Rwandan star in collabo with Ugandan artist

Renowned US based Rwandan artiste Jean Paul Samputu is set to record a single with Ugandan stars Juliana Kanyomozi and Joseph Mayanja also popularly known as Chameleon. The reconciliation song comes amid Samputu’s intense efforts to promote peace and reconciliation not only in Rwanda but also in the region. It is expected to be ready by Easter.

Friday, February 13, 2009
Music maestro: Jean Paul Samputu.

Renowned US based Rwandan artiste Jean Paul Samputu is set to record a single with Ugandan stars Juliana Kanyomozi and Joseph Mayanja also popularly known as Chameleon.

The reconciliation song comes amid Samputu’s intense efforts to promote peace and reconciliation not only in Rwanda but also in the region. It is expected to be ready by Easter.

Apart from the historic wars that have rocked the region in the past decades, the instability that has marred the countries’ leaderships is what brought the trio together to preach reconciliation through entertainment.

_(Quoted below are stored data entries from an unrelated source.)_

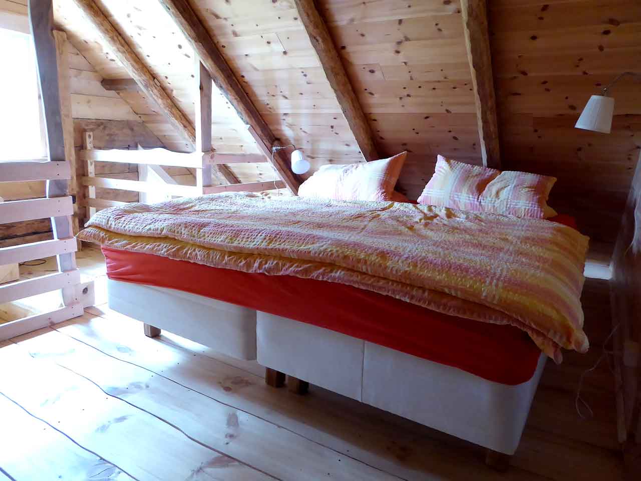 Andra våningen: Sovrum 1 på en sovloft med en dubbelsäng. Sovrum 1 kan nås genom matsalen Sovrum 2 på en sovloft med en dubbelsäng. Sovrum 2 kan nås genom vardagsrummet
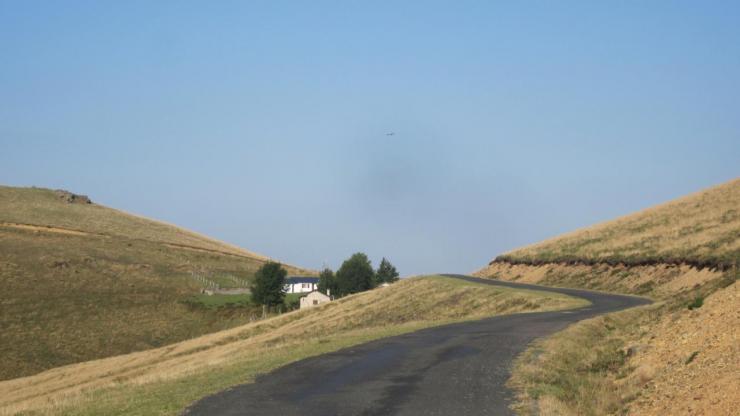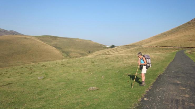 On descend d'abord à gauche puis à droite pour rejoindre une crête que l'on longe jusqu'à la route. Partir à droite puis à gauche à la bifurcation jusqu'au col tout proche d'
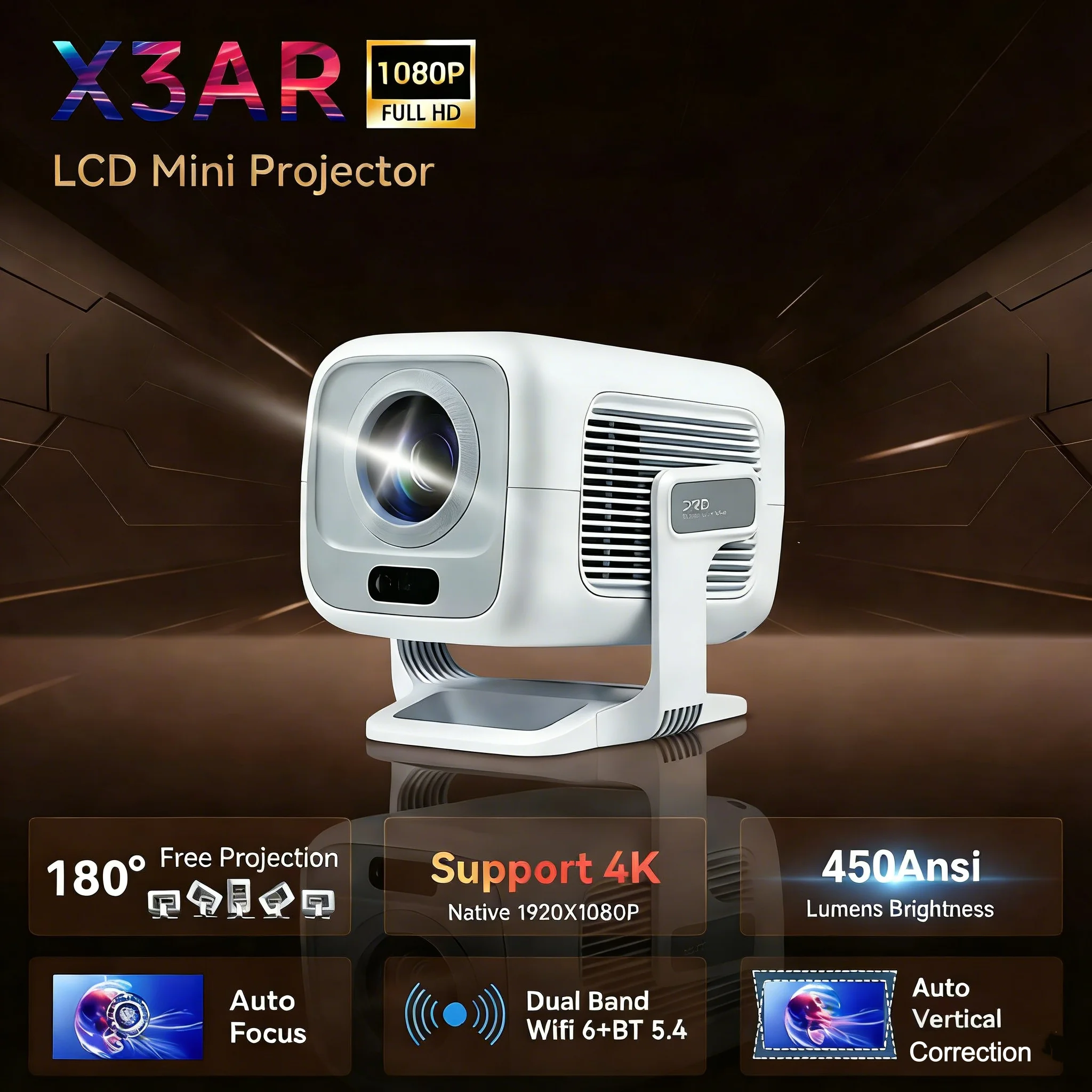 XGODY Vízszintes iránytűtok 3 -ért projektor 4K wifi6 android Mali beamer 300 ANSI Kettős szám WIFI BT5.4 1280*720P haza Színkör kültéri Hordozható

Chameleon confirmed this development and hailed Samputu for the talent and effort to restore a country whose people had been torn apart by the Genocide fifteen years ago.

Plans were underway to record the duo in the US when Chameleon was injured in an accident that left both his legs broken.

He fell off the third floor of a hotel in Arusha after a performance and was hospitalized for over two months but has since regained fitness and ready to hit the road to fame again.

"I am now feeling very much better and have patiently waited for the opportunity and now is the time,” Chameleon proudly said.

Samputu who is currently in the country for a one week campaign to promote forgiveness as a tool to achieve sustainable peace and development said that it was a chance for him to also capture the East African market. He is more famous in Europe than in his own home and Samputu is determined to change the trend.

"I had died in grief but my resurrection was after I forgave those who killed my relatives in the genocide. I then realized that producing a song would have a greater impact to rejoin our divided societies,” Samputu said in an interview.

Vincent Ntakirutimana killed Samputu’s father in 1994 but surprisingly after confessing, pleading guilty and serving his punishment, the duo are travelling the world practically showing the world the power of true forgiveness.